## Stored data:
++++++++++++++++++++

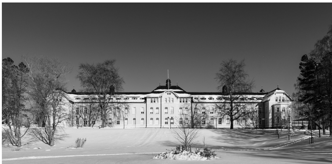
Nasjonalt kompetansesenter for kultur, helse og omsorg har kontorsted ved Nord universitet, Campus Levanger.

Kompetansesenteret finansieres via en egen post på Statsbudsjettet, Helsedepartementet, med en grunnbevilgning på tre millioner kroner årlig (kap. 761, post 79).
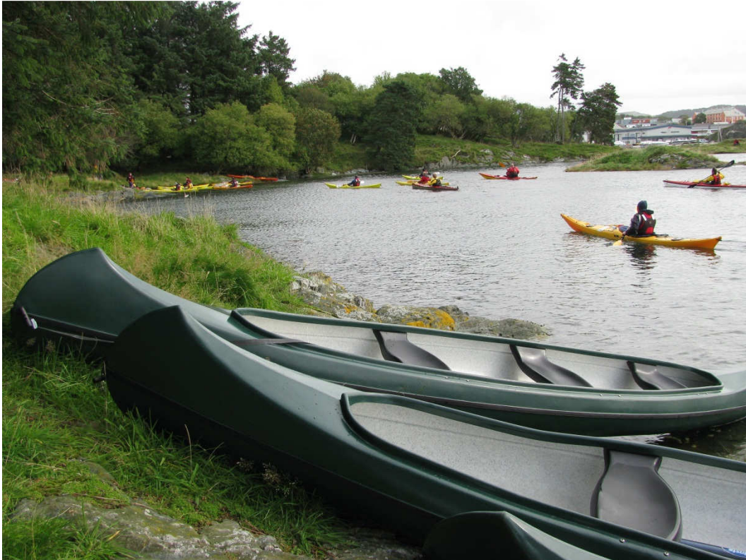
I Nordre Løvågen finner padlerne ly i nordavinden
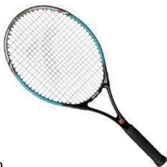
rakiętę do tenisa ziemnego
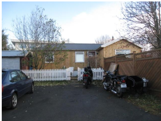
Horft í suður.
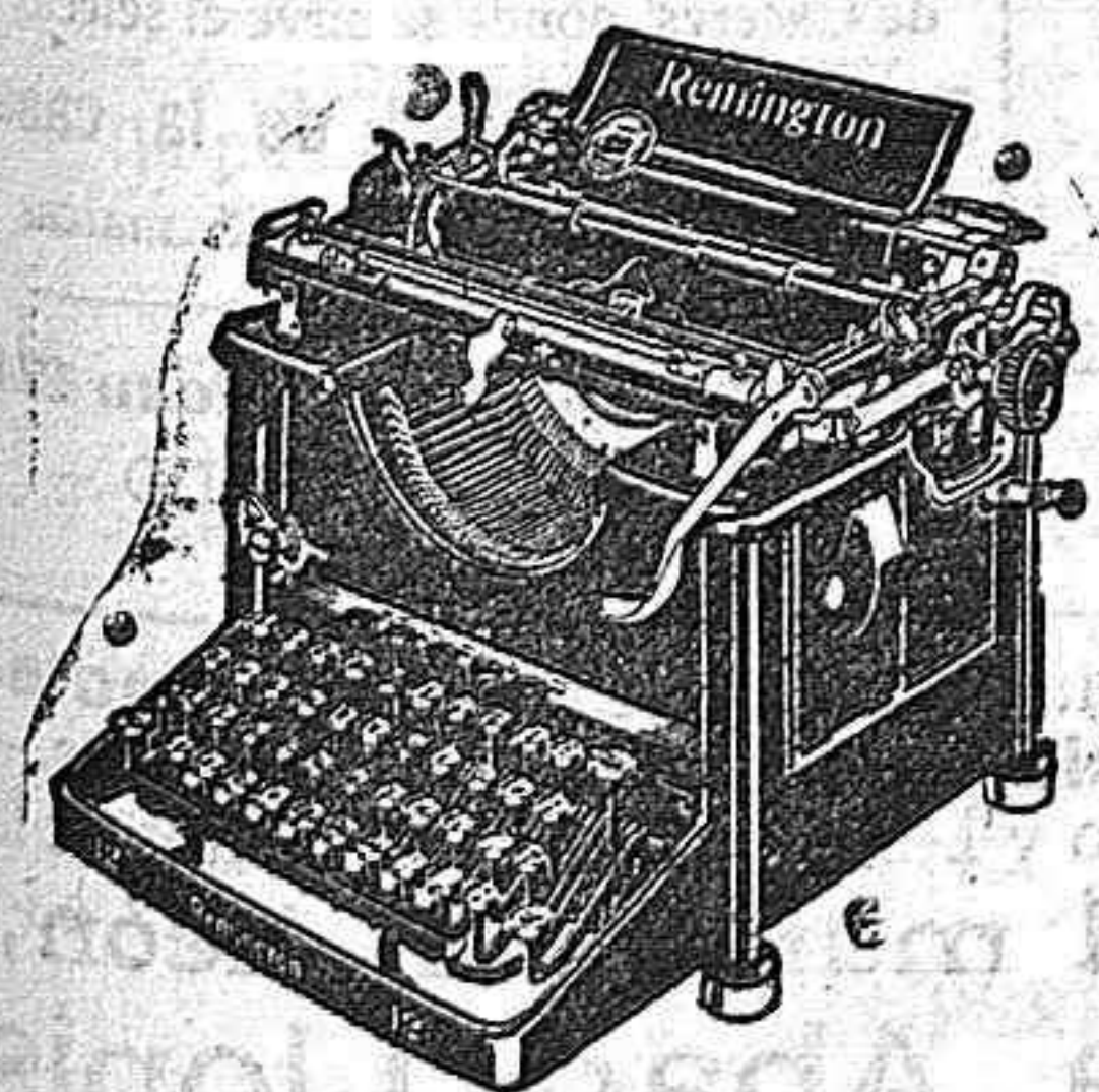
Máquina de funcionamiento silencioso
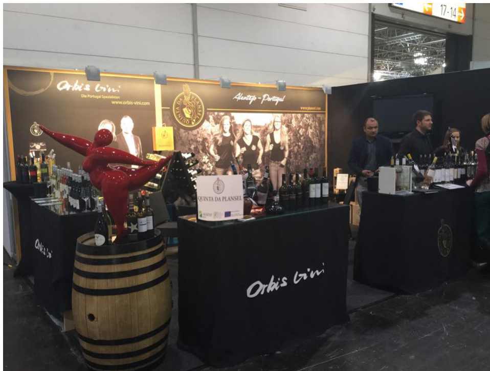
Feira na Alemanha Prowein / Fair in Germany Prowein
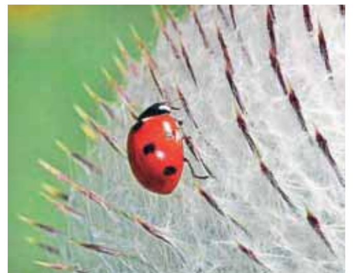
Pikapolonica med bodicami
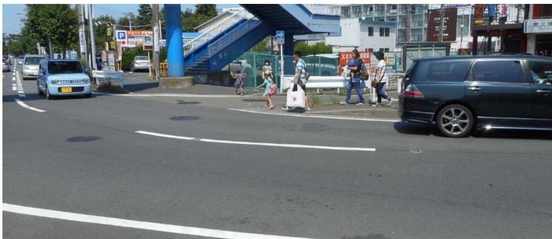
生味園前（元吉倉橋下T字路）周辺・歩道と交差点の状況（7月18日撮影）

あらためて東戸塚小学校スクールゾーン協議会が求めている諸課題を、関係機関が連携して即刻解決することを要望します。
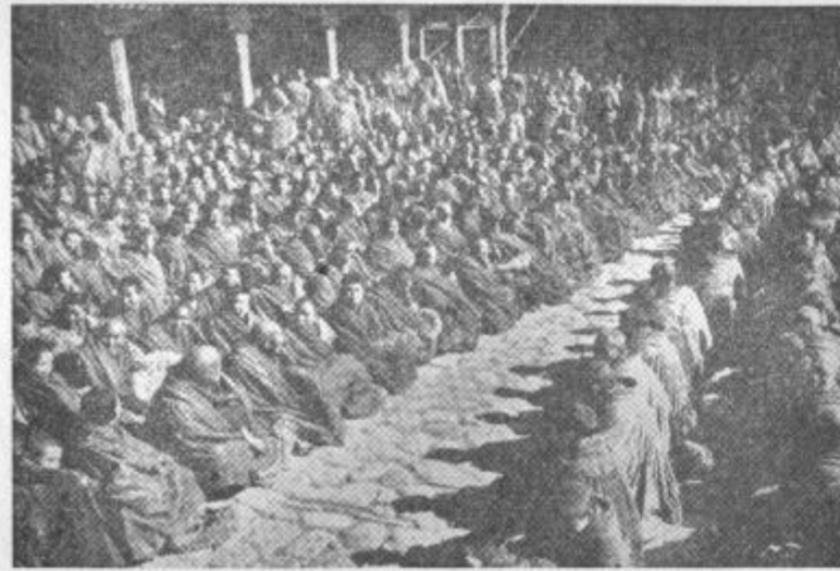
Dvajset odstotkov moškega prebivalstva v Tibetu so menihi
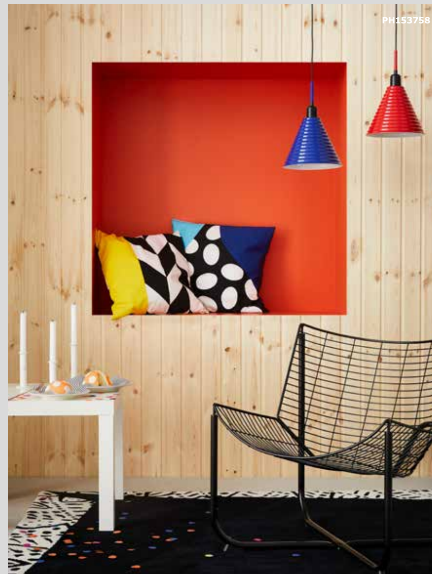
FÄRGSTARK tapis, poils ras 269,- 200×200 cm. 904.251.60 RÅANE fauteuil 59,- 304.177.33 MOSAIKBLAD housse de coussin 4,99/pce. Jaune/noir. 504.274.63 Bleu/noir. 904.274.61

++++++++++++++++++++

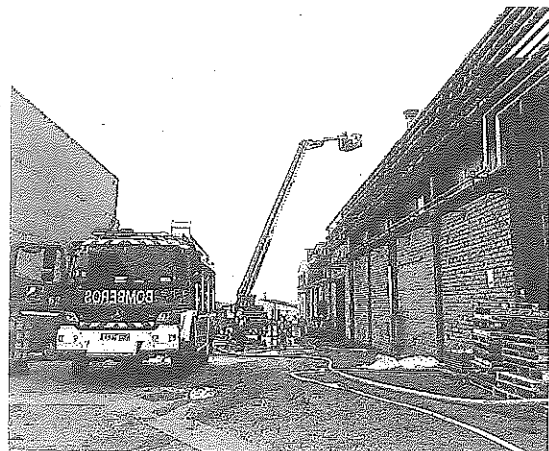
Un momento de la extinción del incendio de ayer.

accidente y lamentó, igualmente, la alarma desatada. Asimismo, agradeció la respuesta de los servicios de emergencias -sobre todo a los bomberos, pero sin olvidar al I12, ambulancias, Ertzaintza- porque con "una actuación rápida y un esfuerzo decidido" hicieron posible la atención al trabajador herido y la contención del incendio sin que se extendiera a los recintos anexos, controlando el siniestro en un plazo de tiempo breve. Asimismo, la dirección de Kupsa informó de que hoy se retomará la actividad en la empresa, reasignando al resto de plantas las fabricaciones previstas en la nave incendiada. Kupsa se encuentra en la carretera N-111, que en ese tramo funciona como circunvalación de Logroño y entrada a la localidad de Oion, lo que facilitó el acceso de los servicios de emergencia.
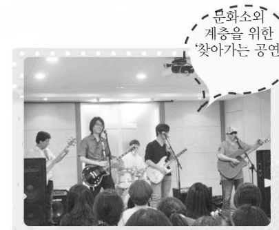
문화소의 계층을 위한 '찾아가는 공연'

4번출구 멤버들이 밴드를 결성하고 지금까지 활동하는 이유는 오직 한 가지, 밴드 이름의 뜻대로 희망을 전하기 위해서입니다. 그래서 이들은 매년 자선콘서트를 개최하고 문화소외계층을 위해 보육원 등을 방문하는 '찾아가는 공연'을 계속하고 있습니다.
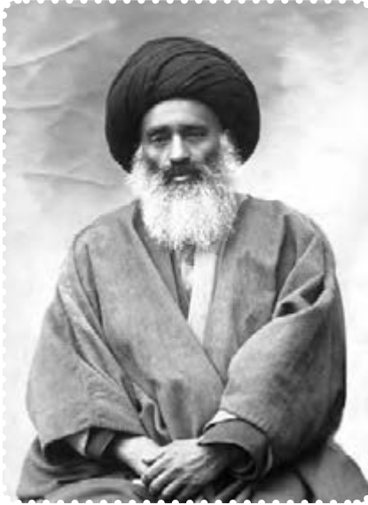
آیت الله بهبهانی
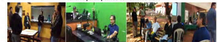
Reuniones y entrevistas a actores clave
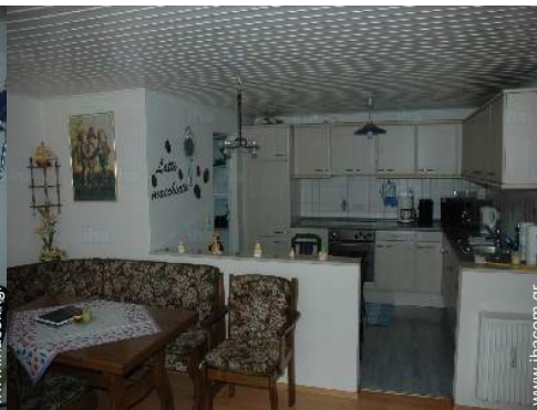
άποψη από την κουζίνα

++++++++++++++++++++

## Task requirements:
Pictures aside, return exactly the lines from the data above, starting at the line that has "Feira na Alemanha" and ending at the line that has "FÄRGSTARK tapis, poils", both included.

## Output of the exercise:
Feira na Alemanha Prowein / Fair in Germany Prowein
Pikapolonica med bodicami
生味園前（元吉倉橋下T字路）周辺・歩道と交差点の状況（7月18日撮影）

あらためて東戸塚小学校スクールゾーン協議会が求めている諸課題を、関係機関が連携して即刻解決することを要望します。
Dvajset odstotkov moškega prebivalstva v Tibetu so menihi
FÄRGSTARK tapis, poils ras 269,- 200×200 cm. 904.251.60 RÅANE fauteuil 59,- 304.177.33 MOSAIKBLAD housse de coussin 4,99/pce. Jaune/noir. 504.274.63 Bleu/noir. 904.274.61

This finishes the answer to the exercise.